Am meisten würde sich die CDU pulverisieren, wenn es eine absolute Handlungsunfähigkeit gäbe. Man kann sich nicht einmauern lassen, wo BSW und AfD alleine die Mehrheit hätten. Wo soll das denn hinführen. Die CDU muss zeigen, dass sie, um des Wohles des Landes willen, klar differenziert. Wir müssen uns gegen den Extremismus nach links und rechts wehren. Trotzdem gilt es, eine pragmatische Lösung für das Land zu finden.

"Es gibt sowohl beim BSW als auch bei der Linken Politiker, die ich in der Mitte verorten würde"

Der frühere CDU-Landrat Werner Henning hat die Linke als „Partei der Mitte“ bezeichnet. Wie ernst ist es noch mit der Abgrenzung der CDU nach links?
Aus meiner persönlichen Kenntnis gibt es sowohl beim BSW als auch bei der Linken Politiker, die ich in der Mitte verorten würde. Aber es gibt in beiden auch Mitglieder, die eindeutig dem extremistischen Lager zuzuordnen sind. Davor darf man die Augen nicht verschließen. Und dann muss man sehen, was man mit den Pragmatikern machen kann.

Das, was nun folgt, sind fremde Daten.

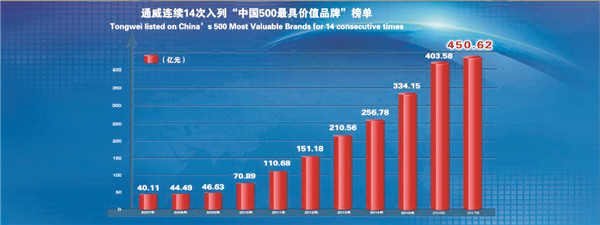 36年來,在十一屆全國(guó)政協(xié)常委、全國(guó)人大代表、通威集團(tuán)董事局劉漢元主席的高度重視和親自帶領(lǐng)下,通威品牌建設(shè)創(chuàng)新探索、與時(shí)俱進(jìn)、碩果累累,社會(huì)認(rèn)知度、美譽(yù)度逐年增強(qiáng)。從2004年的19億元,到2018年一舉突破550億元,通威品牌建設(shè)不斷刷新歷史新高。伴隨著集團(tuán)雙主業(yè)的發(fā)展壯大,15年來,通威品牌價(jià)值增長(zhǎng)近30倍,充分展示了全國(guó)乃至全球綠色農(nóng)業(yè)和綠色能源領(lǐng)軍品牌的雄厚實(shí)力。
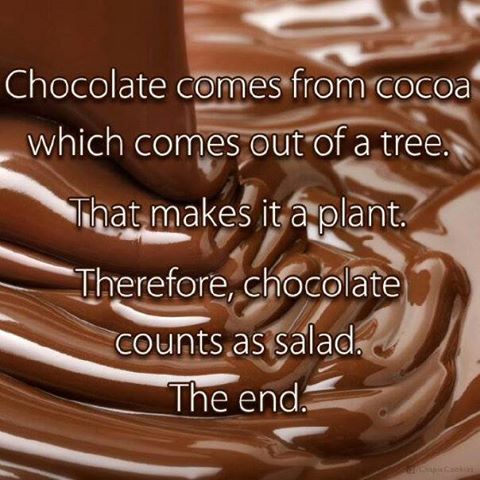 Chocolate is the "salad" of the food world. Yay, chocolate. *spinning a finger in a circle*
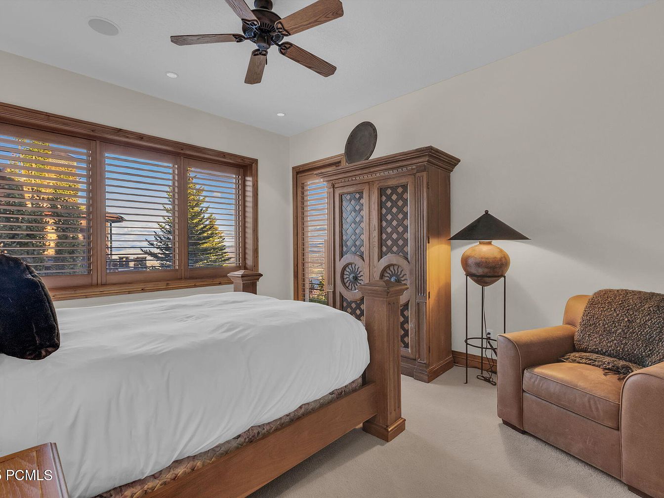 This master bedroom exudes warmth and comfort, featuring rich wood elements that enhance its cozy ambiance. The spacious layout accommodates a luxurious bed draped in soft linens, complemented by plush pillows. Large windows with slatted shutters invite natural light while framing scenic views of nature outside. A beautifully crafted wooden armoire stands as a focal point, showcasing intricate design details. The color scheme balances neutral tones with earthy textures, creating an inviting atmosphere. An elegant reading nook is adorned with a stylish armchair, perfect for relaxation. Thoughtfully designed for family living, this room offers a serene escape.
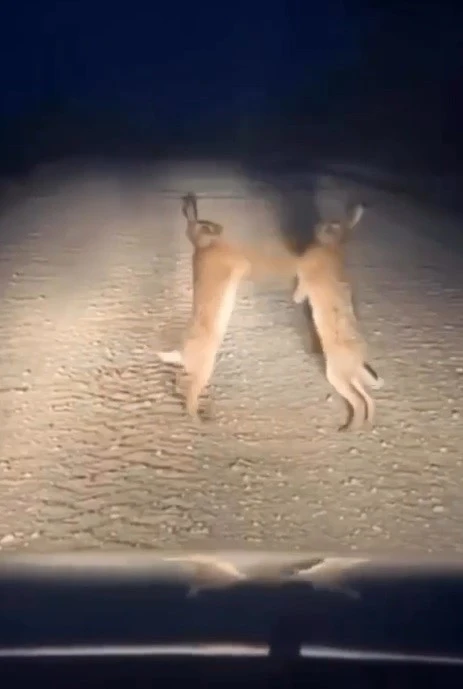 Bayburt’un Aydıntepe ilçesinde iki yaban tavşanı yol ortasında kavga ederken görüntülendi. Boks maçını aratmayan o anlar, yoldan geçen bir sürücü tarafından cep telefonu kamerasıyla kaydedildi.
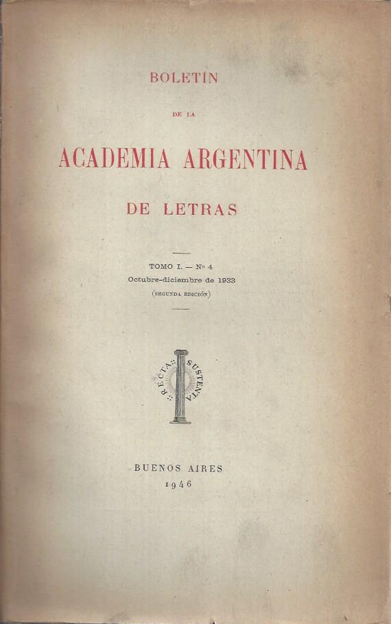Editado por Academia Argentina de Letras. Buenos Aires, 1946. Tomo I. Número 4. oct-dic 1933. segunda edición

So ähnlich sieht das die CDU-Landrätin und Neu-Abgeordnete Martina Schweinsburg im Umgang mit der AfD. Wenn zwei das Gleiche tun, ist das nicht dasselbe?
Der Unterschied ist, dass die AfD als erwiesen rechtsextrem eingestuft wird und dafür eindeutige Indizien vorliegen. Rechtsextremisten können und dürfen in diesem Land keine Verantwortung übernehmen. Frau Schweinsburgs Vorstoß ist keine Mehrheitsmeinung in der CDU.
Man wird im Landtagsalltag nach Geschäftsordnung natürlich mit der stärksten Fraktion umgehen müssen. Man kann sie nicht von allem ausschließen, was ihr zusteht. Das hat jetzt eine andere Qualität als bisher, wenn es beispielsweise um Ausschussbesetzungen geht. Da empfehle ich, strikt nach Geschäftsordnung vorzugehen.

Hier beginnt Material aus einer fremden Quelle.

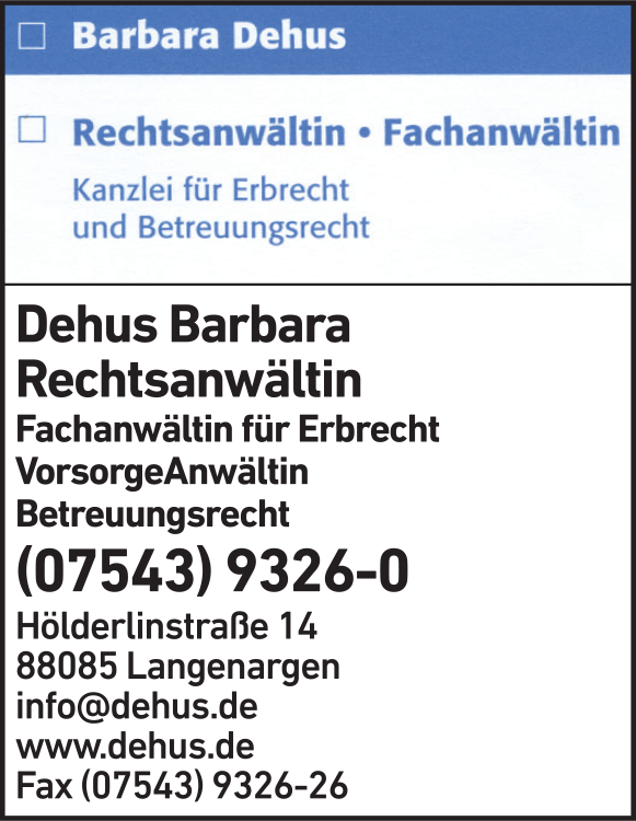 Die Adresse von Dehus Barbara Rechtsanwältin lautet: Hölderlinstr. 14, 88085 Langenargen
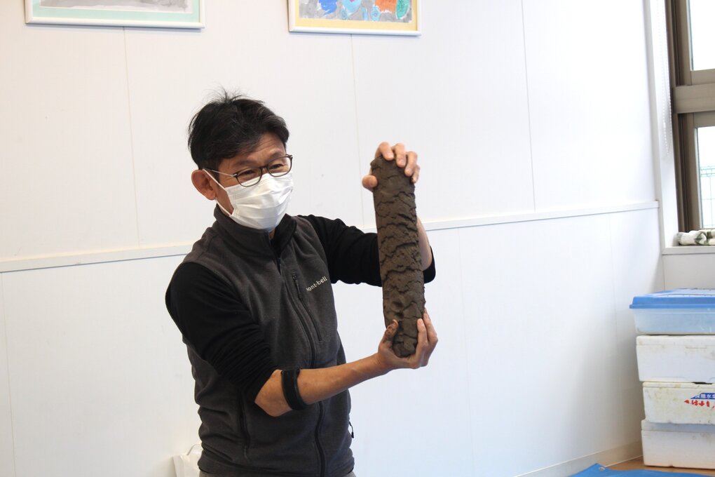 アトリエに集まった子ども達は、講師の十河先生から今回の作品作りに使う土粘土が夏に使った粘土を再生したモノであることを聞いてビックリ。半信半疑で一人一塊の粘土を手渡されるとその独特の匂いや色、質感が懐かしくもあり、心地よい感じでもあるようでした。
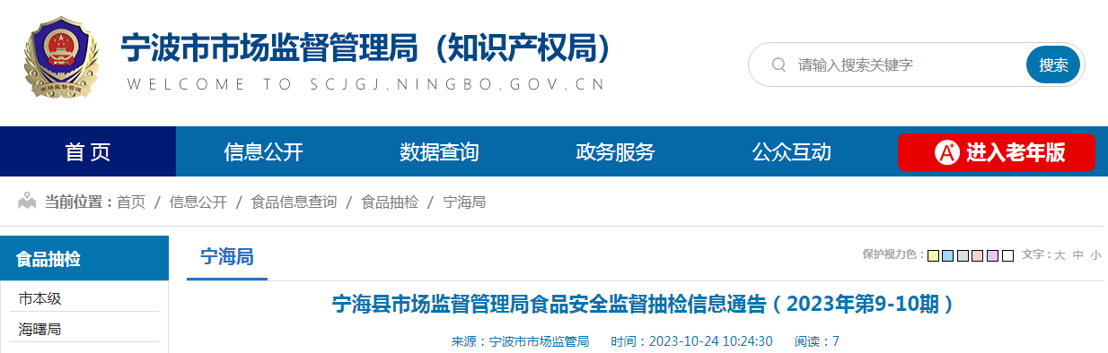宁海王奇副食品店销售的白话梅不符合标准要求;宁海县方波干水产经营部销售的白芷不符合标准要求;宁海县胡林英副食品店销售的白芷不符合标准要求;宁海县西店辰锐调味品店销售的白芷不符合标准要求;宁海县筋斗云水果店销售的柿饼不符合标准要求;宁海县老墙弄川菜馆销售的牛蛙不符合标准要求;宁海喜字蜀芗阁餐饮店销售的牛蛙不符合标准要求;宁海满湘红饭店销售的花生米不符合标准要求。检验机构为宁波市产品食品质量检验研究院(宁波市纤维检验所)。

Wahlempfehlung der Kirchen nicht relevant 

Wie hilfreich haben Sie das Agieren der Kirchen im Wahlkampf wahrgenommen, die sich mit ihren Wahlempfehlungen gegen die AfD positionierten?
Wir wissen alle, wie stark der Bedeutungsverlust ist, den die Kirchen erlitten haben. Die Wahlempfehlung ist nicht wirklich relevant für die Wählerinnen und Wähler rübergekommen.

Sie stehen auch für die Initiative „Weltoffenes Thüringen“. Hat dieses Bündnis mit der Wahl ausgedient?
Ich kann nur empfehlen, weiterhin Initiative für die Vielfalt im Land zu ergreifen. Jetzt erst recht. Bei allen Befürchtungen und Klischees über Thüringen gilt es zu zeigen, dass es eine stabile demokratische Mitte aus allen Gesellschaftsschichten gibt. Wir können das Land nicht einem allgemeinen Mehltau von Resignation und Unzufriedenheit überlassen.

Wie wird der nächste Ministerpräsident heißen?
Ich bin mir sehr sicher, dass er Mario Voigt heißen wird. Aber wir brauchen etwas Geduld.